Description of problem: When adding additional JON server with storage node the storage service resource is down until the plugins on agents are updated. Version-Release number of selected component (if applicable): JON 3.3.10 How reproducible: Always Steps to Reproduce: 1. prepare postgres db to be able to accept remote connections on host 1 2. unzip jon-server-3.3.0.GA.zip and jon-plugins-patch-3.3.0.GA.zip (CP10) 3. apply the patch jon-server-3.3.0.GA-update-10/apply-updates.sh jon-server-3.3.0.GA 4. install the server: jon-server-3.3.0.GA/bin/rhqctl install 5. start it and wait until it's fully up 6. install additional jon server and storage node on another host a) unzip jon-server-3.3.0.GA.zip and jon-plugins-patch-3.3.0.GA.zip (CP10) b) apply the patch jon-server-3.3.0.GA-update-10/apply-updates.sh jon-server-3.3.0.GA c) edit jon-server-3.3.0.GA/bin/rhq-server.properties to use postgres on host 1 d) install the server: jon-server-3.3.0.GA/bin/rhqctl install e) start it Actual results: Storage service resource and following warning is visible in agent.log: 2018-02-15 07:55:23,499 WARN [ResourceContainer.invoker.availCheck.daemon-75] (org.rhq.plugins.cassandra.StorageServiceComponent)- Native transport is disabled for org.apache.cassandra.db:type=StorageService Expected results: Resources are up and there are no working in logs Additional info: The resource becomes up and the warning disappears from the agent.log when the Update Plugins on Agents operation is invoked (Administration->Agent plugins->Update Plugins on Agents) All agent plugins on host 1 and host 2 are the same, e.g.: 102f74feb3d24454e6994fd4d1e62331 rhq-agent/plugins/rhq-cassandra-plugin-4.12.0.JON330GA-redhat-1.jar This plugin remains the same even after Update Plugins on Agents operation is invoked.

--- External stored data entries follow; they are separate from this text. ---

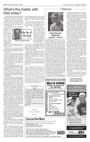 in Santa Barbara at the time, and the two were married on Sept. 8, 1962. So began their 53-year marriage during which they “These kids—they think everything vision. Most importantly, our city council had their children, Sharon, Laura and will be easy for them. They don’t realize respects the integrity of the General Plan, John, whose years living and growing up they need to work for what they want!” and does not make piecemeal changes on the ranch were priceless. IS, ND, EIR, DEIR, CEQA: what do decisions that are in the community’s Sometimes when I say something, I it. As a child in the mid 1930s, John built they mean? How about CDD, ERO, CEG, best to interest. suddenly realize what I just said could Maybe that is the middleremote-controlled model airplanes in his ERC? Maybe it will help to see them all So California cities andwisdom countiesofsolve have come out of the mouth of one of age. Maybe it is maturity. Either way, it basement and flew them in open fields used in a sentence: this problem through a process that my parents—or maybe your parents—or is not automatic, and requires ongoing around his home in Santa Barbara. He At the ERC meeting, the ERO (who works strives to develop one set of facts that anyone’s parents. vigilance, with focus on three areas: renewed this hobby as an adult and loved in the CDD) explained that under CEQA and decision-makers can use to evaluate Now that Carpinteria has completed its First, the General to fly his planes at the airstrip at Lake the CEG, the IS makes project proposals year-long 50th Plan: A everyone required peCasitas. During his early adult years, he it clear that an ND (because birthday celupdate of our developed a love for boating and spent would not be sufficient, isriodic not entitled to his ebration, perGeneral Plan has just many hours on lakes in his Miller flatand the project would own facts!). haps as a city begun, and we must bottom boat, either speeding along or require an EIR, so a For a project prowe have earned actively participate in patiently stopping and starting as family DEIR will be prepared. posal, the results the collective that update to ensure and friends learned to waterski behind That explains evof an Initial Study right to speak that the new plan conhis boat. Aside from his family, however, erything, right? (IS) determine what the “wisdom tinues recent his9/29/1929 – 1/18/2016 his ranch was his passion, and he worked You are probably type of our fact-filled of our years” tory of sound planning John Vincent Delwiche, 86, of Car- hard to ensure its success. wondering what all document will be as we consider for the long-term John is survived by his wife, Norma, this is and if it even prepared. A smallgood pinteria, passed away on Jan. 18, 2016, MIKE WONDOLOWSKI the kids in the of our community. his children, Sharon Henry (Dan), Laura due to complications from Parkinson’s matters. Well, this alproject might reneighborhood. Second, the city Agey (Theo), and John Delwiche (Mieke), Disease. He was born on Sept. 29, 1929, phabet soup is at the quire only the miniSpecifically, I’m looking up the coast at council: The councilmembers represent in Santa Barbara, Calif., to Jules and Viv- and his grandchildren, Sarah and Kaitlin core of our local planning and develop- mal analysis of a Negative Declaration the City of Goleta, a teenager that was us in making key decisions about our ian Delwiche, joining his older brother, Henry, and Ella, Abbie, Skyla and Tucker ment process. It really does matter, a lot! (ND) (more on that in next month’s “born” in 2002. future. It is our responsibility to ensure Jules Jr. John grew up in Santa Barbara, Delwiche. John’s family was his greatest Any proposed development project in column). There is much in common between that the people we put in office act as we attending Dolores School and graduating joy and pride. Their knowledge of his California must go through a process of For larger projects, the document that Carpinteria’s past and Goleta’s history to would if we were there. from Santa Barbara Catholic High School love for and devotion to each of them objective study and analysis. This process contains the facts is the Environmental date, and there are lessons in this history Third, active participation: Our city in 1947. He attended UCSB, which was will provide comfort, and their love for is defined by the California Environmen- Impact Report (EIR). What’s especially for everyone. council and the rest of the city boards, located on the Mesa at the time, and then and devotion to him will keep him in tal Quality Act (CEQA). In the City of cool about the environmental review In the “before-time,” there was an committees and staff provide us with a began to work for Roeser Milling Com- their hearts. He is also survived by three Carpinteria, the way CEQA is applied process that generates the EIR is that it is a unincorporated community where the multitude of opportunities to be heard. pany, his uncle’s feed mill in Solvang. In generations of nieces and nephews who SUBMITTED PHOTO is described in the City Environmental completely open process where the public county government was approving too Our task is to provide input on the issues 1952, eachSchool were very dear to Coley made history onhim. the JohnCandaele was drafted intoCarpinteria the United High Guidelines (CEG). is involved from the very beginning in the much development. Then the community that matter to us. John’s family wishes to States Army. as a In vehicle track and He theserved gridiron. 1990,and he became State Champion inexpress the Why such a strict process? Why can’t scoping of the analysis, through reviewvoted to incorporate as a city to gain local Maybe the kid up the block (20 miles sincerest gratitude and respect for his equipment mechanic was stationed the 1600M with a and national leading time of 4:06.26. our city council (or any city council) just ing the Draft
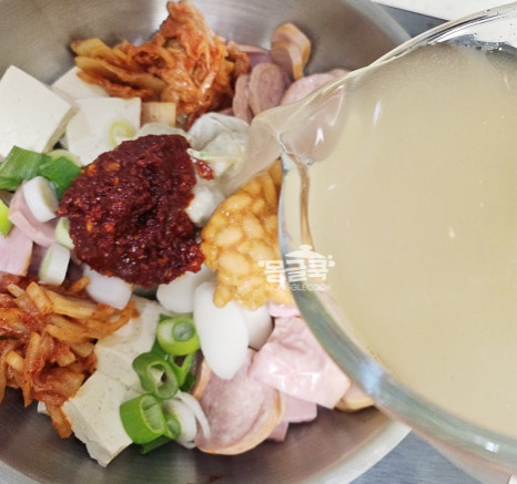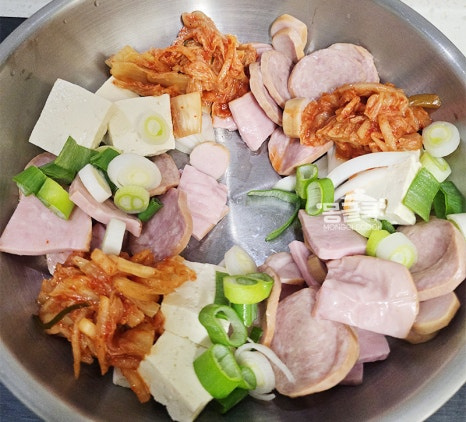 전골냄비나 깊은 냄비에 준비한 햄, 소시지, 김치, 양파, 두부, 떡국떡 등을 돌려 담아주세요.
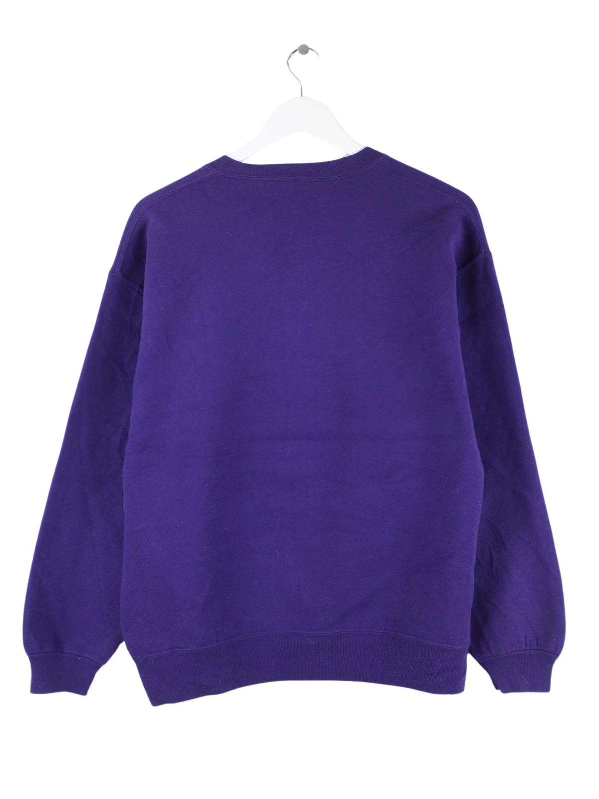 Lilafarbener Sweater der Marke Russell Athletic aus den 90'ern in Größe L. Er ist aus einer Baumwollmischung und in gutem Zustand in Stock. Mit tollem Huskies Print.
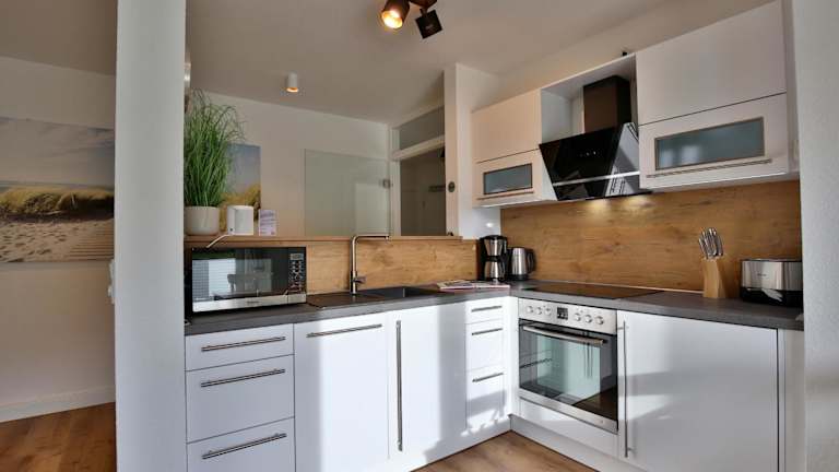 u. 1 Küche inkl. Geschirrspülmaschine, geKleinkindmütlicher Eßecke sowie Dusche u. WC, Telefon, TV, CD-Player und kostenlosem W-LAN. Wohnung mit tollem Meerblick für 2 - 4 Personen.

Update: it's not happening always. I tried that again and I saw different behavior. From 5 tries it was visible 4 times, 1 time the issue was not visible. This one try, following warnings (many for different column families) were thrown to agent.log during first start up: 2018-02-16 02:38:40,395 WARN [MeasurementManager.collector-1] (rhq.core.pc.measurement.MeasurementCollectorRunner)- Failure to collect measurement data for Resource[id=10171, uuid=8de3a003-29a1-45b7-80e5-5d9ed1b0e708, type={RHQStorage}ColumnFamily, key=peers, name=peers, parent=system] - cause: java.lang.RuntimeException:Unable to load attributes on bean [org.apache.cassandra.db:type=ColumnFamilies,keyspace=system,columnfamily=peers] null -> java.lang.reflect.UndeclaredThrowableException:null -> java.rmi.ConnectException:Connection refused to host: 127.0.0.1; nested exception is: java.net.ConnectException: Connection refused (Connection refused) -> java.net.ConnectException:Connection refused (Connection refused) After that everything was ok. Not sure if this should be reported in different BZs but it seems that there are more possible paths depending on timing resulting in different issues.
For the first bug, is it corrected only with the "update plugins" or by waiting for the next availability scan (10 mins or so) ? The update plugins causes a new availability scan, that's why I'm wondering. To me these errors look like the storage node was just very slow in getting up and at least the first error is an indication of that -> management interface of Cassandra is up, but the server itself is not capable of receiving messages yet. It reports this as native transport is not available, but it does get a connection to the Cassandra's management interface itself.
Availability scan did not change availability of Storage service resource. I was still down after several availability scans (both scheduled and manual). Again, the resource has become UP after "update plugins on all agents" operation. Attaching full agent.log
Created attachment 1447413 [details] full agent.log
Operation Restart Plugin Container resolves the issue too.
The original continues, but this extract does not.